Re: Draft for Resumable Uploads from Austin William Wright on 2022-04-06 (ietf-http-wg@w3.org from April to June 2022)

From: Austin William Wright <aaa@bzfx.net>
Date: Wed, 6 Apr 2022 13:08:16 -0700
To: Eric J Bowman <mellowmutt@zoho.com>
Cc: Julian Reschke <julian.reschke@gmx.de>, Guoye Zhang <guoye_zhang@apple.com>, ietf-http-wg <ietf-http-wg@w3.org>
Message-Id: <54BB33F9-DF98-48DB-BA2B-C8A63208BA21@bzfx.net>
On Apr 6, 2022, at 04:06, Eric J Bowman <mellowmutt@zoho.com> wrote:
> 
> >
> > So then I think a simple modification of my “Partial Uploads”
> > document (draft-wright-http-partial-upload-01 <https://tools.ietf.org/id/draft-wright-http-partial-upload-01.html>) would work 
> > well.
> >
> 
> Kudos for how well you've written your document. But please don't suggest using PATCH to create a resource? Best decision I ever made regarding httpd coding was only 3 years or so ago, I eschewed Windows compatibility in favor of tight coupling to UNIX filesystem attributes. Speaking in terms of static files for simplicity...

Explain for me how a Unix filesystem makes PATCH impractical?

> DELETE on my httpd doesn't remove the existing resource, it sets it to zero bytes, such that subsequent GET/HEAD requests respond 410, and may or may not Allow: PATCH. No file? 404, which may Allow: PUT. I can't help but think that a PATCH request to a nonexistent resource should return 404.

I think it will make more sense if you think of PATCH as a superset of PUT.

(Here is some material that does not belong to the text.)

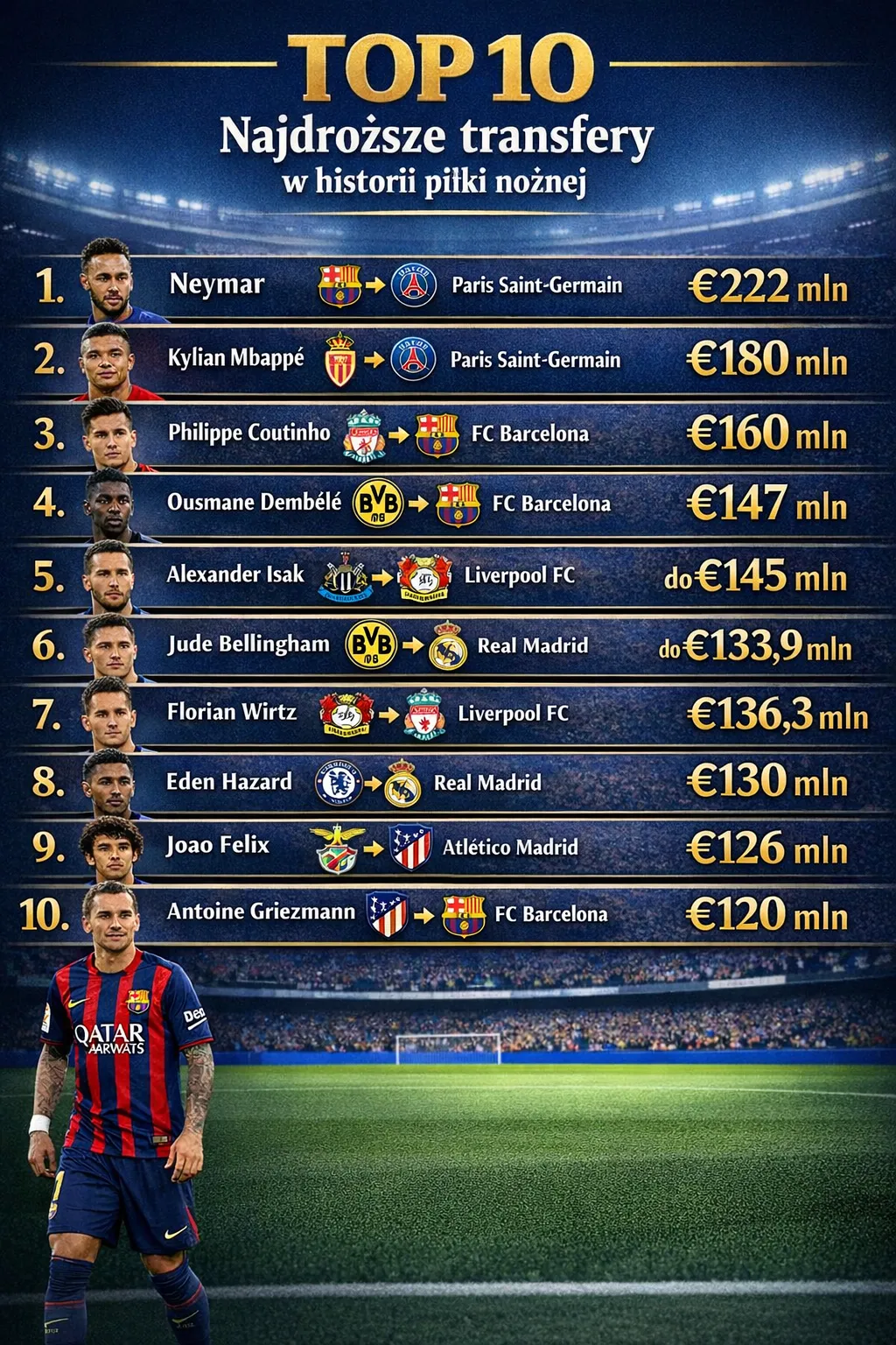 TOP10 najdroższych transferów w historii piłki nożnej

PATCH, just like PUT, creates the resource if it doesn’t exist. Consider how these two requests are similar:

PUT /upload-target HTTP/1.1
Content-Length: 400
Content-Type: text/plain

[400 bytes...]

And

PATCH /upload-target
Content-Type: message/byterange

Content-Range: 0-399/400
Content-Type: text/plain

[400 bytes...]

The effects will be identical.

The advantage of the PATCH form is that you can start writing at a non-zero offset, or create the file while indicating it’s larger than the enclosed body. PUT cannot do these.

> >
> > First, it defines the message/byterange media type, 
> > for making changes to a specific byte range. This is the 
> > bulk of the desired functionality, I think.
> >
> 
> I would encourage you to document that media type independently from the rest of your draft.
> 
> >
> >---------------
> Second, 2__ Sparse Resource would indicate that the resource has some regions filled in by the server, and might not be valid according to the media type definition. But I’m not confident that all user-agents would safely handle a 2__ Sparse Resource. If the resource represents executable code, the result could be very bad. Maybe I remove this? It seems wrong to me that a server could send back a document it knows is invalid according to the media type. Maybe there should be an error for clients that request a sparse resource without indicating they can support the response.
> >---------------
> >
> 
> Hmmm... I'm a bit rusty at explaining this, but here goes. Media-Type in HTTP has nothing to do with file format. My server intent may be to "view source" of an HTML file, so I use text/plain to prevent it from being parsed and rendered as HTML. My server intent may be to present a broken PNG, so I use image/png to have the client attempt to render it as such. Being a valid representation of said media type is not implied, and I assure you there's nothing wrong with that. If a UA fails to render, it reports the error to the User i.e. "broken image icon". Application-layer error, not protocol-layer error.

Well, the media type tells you how to decode the response. Yes, if you receive an image/png that is half zeros, it might render (but appear corrupt to a human). But how would the user-agent know this isn’t intentional? How would it know the file is actually incomplete?

It sounded like we would avoid this by responding with a 206 Partial Content response that excludes undefined bytes. I like this solution.

> 
> I think you've gone astray by essentially modeling "sparse" as a subtype of any given media type. Or qualifying a resource ('s representation) as being the result of executable code -- excluding static files of expected types, 99% of my resources map to server-side processes. Receiving a borked representation has no effect on the executable, because the server-side resource coding is decoupled from its representations, and hidden behind a Uniform Interface.

I didn’t intend to suggest this.

Suppose I am uploading an executable binary, how would I ensure that users cannot download it while it’s still incomplete? (Verifying a checksum would prevent major problems, but how would a Web browser know that the resource is incomplete?)

Thanks,

Austin.

> 
> -Eric
> 
>
Received on Wednesday, 6 April 2022 20:08:32 UTC